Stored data
□ □ □ □ □

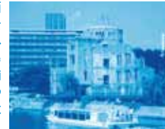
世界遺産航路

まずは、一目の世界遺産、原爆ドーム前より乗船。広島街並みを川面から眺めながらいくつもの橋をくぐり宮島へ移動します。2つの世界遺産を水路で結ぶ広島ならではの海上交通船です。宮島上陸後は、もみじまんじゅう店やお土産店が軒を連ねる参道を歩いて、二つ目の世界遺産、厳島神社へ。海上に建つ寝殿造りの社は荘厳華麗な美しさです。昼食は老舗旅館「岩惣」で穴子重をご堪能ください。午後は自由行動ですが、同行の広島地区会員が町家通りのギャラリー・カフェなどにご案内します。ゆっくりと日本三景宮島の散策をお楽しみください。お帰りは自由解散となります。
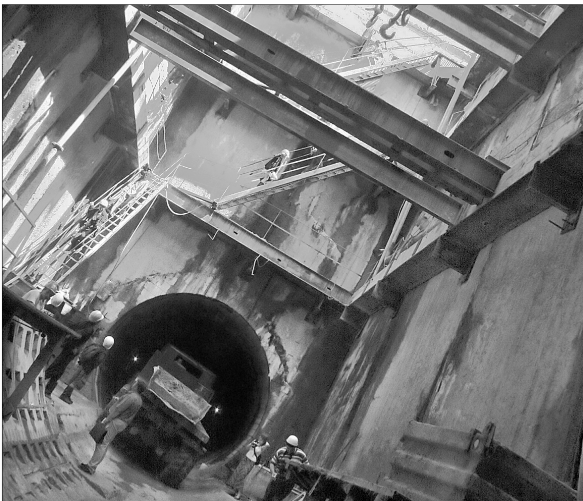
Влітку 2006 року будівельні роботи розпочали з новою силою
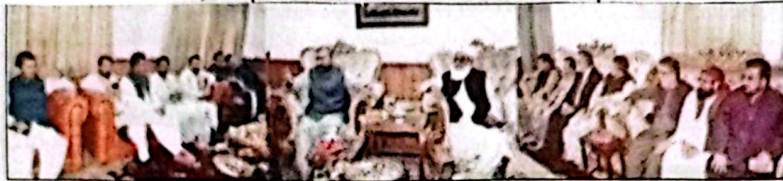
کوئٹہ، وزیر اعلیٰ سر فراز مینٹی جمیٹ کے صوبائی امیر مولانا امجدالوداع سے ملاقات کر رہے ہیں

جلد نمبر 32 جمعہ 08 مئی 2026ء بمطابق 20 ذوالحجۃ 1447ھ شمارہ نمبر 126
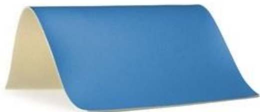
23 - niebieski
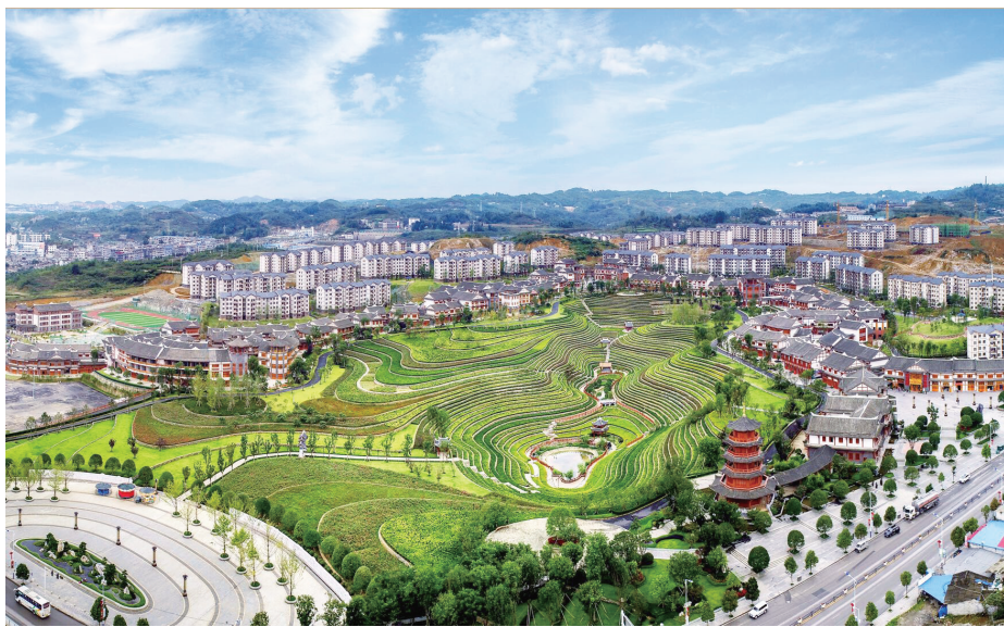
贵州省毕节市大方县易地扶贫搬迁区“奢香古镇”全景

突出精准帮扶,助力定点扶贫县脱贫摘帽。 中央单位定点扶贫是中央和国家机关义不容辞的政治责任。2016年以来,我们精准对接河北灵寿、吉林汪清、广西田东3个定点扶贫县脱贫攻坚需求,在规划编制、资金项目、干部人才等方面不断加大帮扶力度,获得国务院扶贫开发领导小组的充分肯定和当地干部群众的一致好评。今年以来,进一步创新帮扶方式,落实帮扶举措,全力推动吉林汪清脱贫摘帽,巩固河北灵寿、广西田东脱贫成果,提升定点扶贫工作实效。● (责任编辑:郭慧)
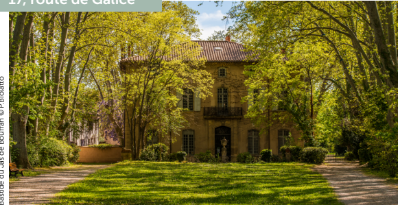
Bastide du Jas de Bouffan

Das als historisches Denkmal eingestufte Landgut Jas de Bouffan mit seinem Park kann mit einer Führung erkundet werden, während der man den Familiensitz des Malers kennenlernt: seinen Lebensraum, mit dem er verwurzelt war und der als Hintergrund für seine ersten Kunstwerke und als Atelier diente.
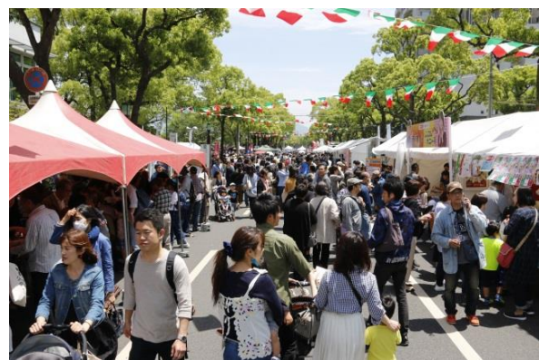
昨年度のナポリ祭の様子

□ □ □ □ □

**ASSIGNED TASK**
Wherever the string "Bouffan" appears in a line above, copy that line.

**SOLUTION BELOW**
Bastide du Jas de Bouffan
Das als historisches Denkmal eingestufte Landgut Jas de Bouffan mit seinem Park kann mit einer Führung erkundet werden, während der man den Familiensitz des Malers kennenlernt: seinen Lebensraum, mit dem er verwurzelt war und der als Hintergrund für seine ersten Kunstwerke und als Atelier diente.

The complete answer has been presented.